Some of their videos include: "New Bike", in which a boy hires an assassin to kill his parents because they failed to buy him a new bicycle; "Opposite Day", in which an office changes Fridays from "Casual Friday" to "Opposite Day", likely in response to the boss's wife's infidelity; "Girls Are Not To Be Trusted", in which a film student makes a series of movies chewing out his girlfriend; "National Spelling Bee", in which every contestant in a spelling bee was told to spell the word "niggerfaggot"; "Bro Rape: A Newsline Investigative Report", in which a news report showcases an imagined dilemma called "Bro Rape" in which partying young men known as "bros" utilize Family Guy, Jack Johnson, and Ultimate Frisbee to sexually assault other bros. Part of the video is a parody of To Catch a Predator as the reporter posed as a "bro" to lure unsuspecting "bro" rapists.

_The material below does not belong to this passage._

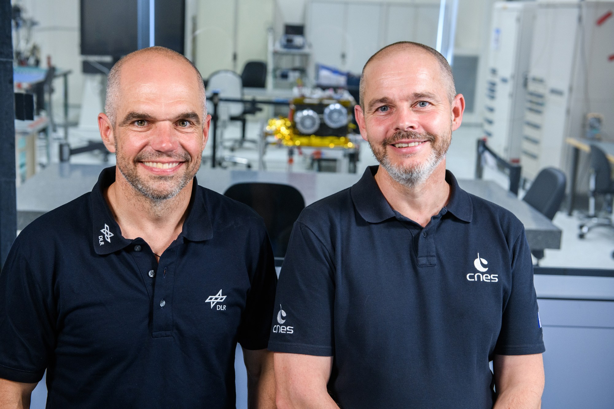 Von links: Zusammen haben Markus Grebenstein vom DLR-Institut für Robotik und Mechatronik und Stéphane Mary von der französischen Raumfahrtagentur CNES die Projektleitung für den Marsmond-Rover IDEFIX inne. Hier sind sie mit IDEFIX im Hintergrund am CNES-Standort Toulouse zu sehen.

The group's last video sketch posted on their YouTube channel was titled "Thomas Jefferson" in which a news report presents the fact that Founding Father, Thomas Jefferson is still alive and proceeds to have an exclusive interview with him. The video has over 850,000 views and was posted on May 26, 2010. It was released to promote their movie, Mystery Team, being released on DVD.

===Mystery Team===

In January 2008, the group announced that they were taking a break from making internet videos while they worked on their first full-length feature film entitled Mystery Team, a comedy involving a childish trio of senior high school students solving a serious crime.

Mystery Team premiered at the 2009 Sundance Film Festival and was released in the United States on August 28, 2009 by Roadside Attractions. Mystery Team was later released on DVD on May 25, 2010. They also released a Mystery Team EP performed by Glover as Childish Gambino, featuring six tracks such as "The Stand" and "Get Like Me". The film grossed $89,442 in the United States. The budget for the film came from their YouTube video sketches and producing online commercials for Clearasil.

On review aggregator website Rotten Tomatoes, the film holds an approval rating of 58% based on 19 reviews, and an average rating of 5.4/10. On Metacritic, the film has a weighted average score of 42 out of 100, based on six critics, indicating "mixed or average reviews".

===Community===
Derrick Comedy (Eckman, MacFadden, Pierson, and Dierkes) appeared in the two first seasons of the 2009 U.S. television series Community as the Greendale sketch comedy troupe "The Greendale Gooffaws". Donald Glover was a regular on the series for the first five seasons playing Troy Barnes.